Притомившись топтать землю, она признала в себе ещё одну особенность: не избыть ей века своего до той поры, покуда носит она в себе замкнутой великую тайну. Вот тогда-то древняя Онега взяла и натопила жарко баню, выпарилась в ней, как душа того просила, обрядилась во всё смертное, легла на лавку и попросила остаться возле себя одного лишь Матвея. Ему-то она и поведала сокровенное. А поведавши, померла…
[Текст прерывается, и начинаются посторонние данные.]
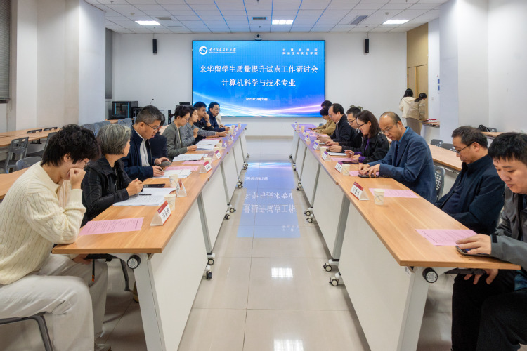 10月19日下午,我校于临江楼A102召开来华留学生质量提升试点工作(计算机科学与技术专业)研讨会。南京邮电大学教务处处长兼教师教学发展中心主任、教授、江苏省教学名师、江苏高校外国留学生英文授课省级精品课程《数据结构》负责人王海艳,江苏大学副教授、江苏省省级英文授课精品课程《操作系统》负责人牛德姣,东南大学副教授、博导、教育部计算机教指委和教师发展基金会“高校计算机专业优秀教师奖励计划”获奖教师、首届教育部-华为“智能基座”全国优秀教师董恺,以及教务处、计算机学院、国际教育学院相关负责人等十余位校内专家出席会议。会议由计算机学院副院长田伟主持。

– С той поры и взялся я нашу речку обживать, по омутам-заводям упражняться, – признался Матвей сыну, когда лежали они на сеновале. – Хотелось мне к воде привыкнуть настолько, чтобы до самого дна пронырнуть Живое бучало. Мне и теперь хочется верить, что не погасла навовсе Онегина звезда! Вот и прикидываю – ни она ли ворочается в провале: пытается воротиться в небо? Не упомню, сколько раз кидался я в омут, только достичь его предела так мне и не довелось. Не получился, выходит, из меня тот самый ныряльщик, который способен дать звезде подмогу. На одно теперь уповаю: может, из тебя получится…
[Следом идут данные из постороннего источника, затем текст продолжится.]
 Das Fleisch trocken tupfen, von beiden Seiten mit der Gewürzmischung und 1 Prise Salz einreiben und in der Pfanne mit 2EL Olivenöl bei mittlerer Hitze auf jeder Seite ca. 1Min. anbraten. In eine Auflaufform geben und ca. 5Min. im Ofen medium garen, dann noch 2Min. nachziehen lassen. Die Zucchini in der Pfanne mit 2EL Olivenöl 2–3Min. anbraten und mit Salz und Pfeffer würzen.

Высказал Матвей такую надежду, обнял своего любимца, и скоро они засопели в два носа на весь вольготный сеновал…

Утром Илья распахнул глаза оттого, что мать тормошила да спрашивала его:

– Куда отец подевался, не знаешь?

Только за полдень, когда уже вся деревня полыхнула тревогой, бабку Лупашиху вдруг осенило. Вспомнила она, догадалась наконец:

– Так ведь то ж Матвей нонешней ночью да перед самым рассветом Полкана моего булыгой угостил…

И закрутилась старая меж людей – каждому взялась подносить по худому слову.
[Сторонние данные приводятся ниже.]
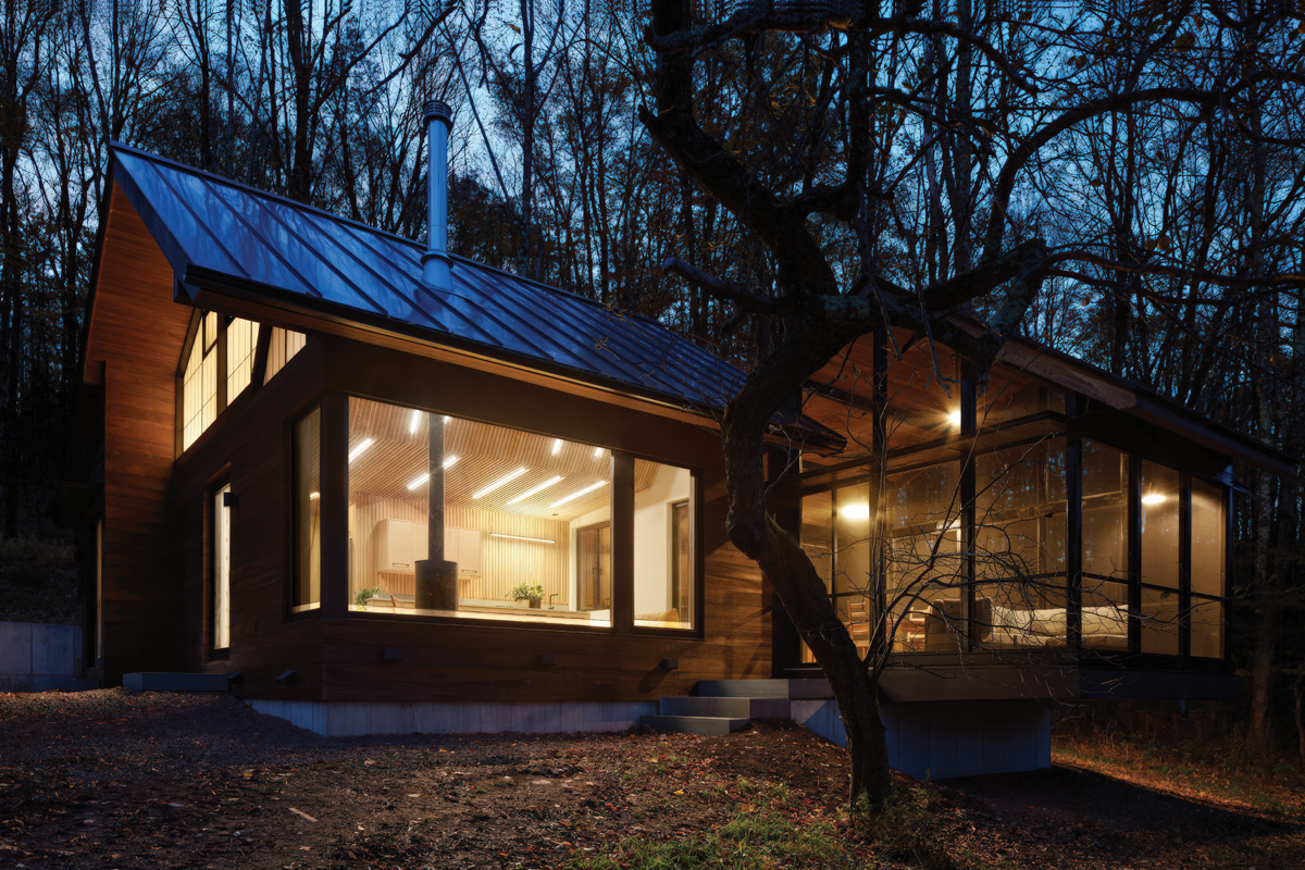 The framing of these panes, along with the porch doors and windows, evokes the aesthetic of traditional Japanese homes, where shoji screens are framed in dark wood. This design element gives the cabin a modern yet inviting presence, particularly at dusk when light glows softly from within.

– Подхватилась я темнотой от собачьего визга. Ни скотина ли, думаю, чья шалавая в огород мой заперлась да кобеля рогом поддела? Выбегла я глянуть. Присмотрелась. Вижу – чей-то мужик берегом Полуденки в сторону омута ушагивает. Идёт и на звезды широко-о так крестится – ну, точно, как перед смертью! Так до Живого бучала прямиком и подался. Теперь-то вот я вспомнила, что левой рукою он точно так же помахивал, как Матвей Резвун. Ночью-то его махание мне было ни к чему, а теперь понятно…

От Лупашихиного понимания Резвуниху пришлось водою отливать. Сёстры ж Илькины в шесть голосов так реванули, что парнишка в конопли кинулся. Забился он в те зеленя, да и пробыл в них, сгорая душой, чуть ли не до новой ночи.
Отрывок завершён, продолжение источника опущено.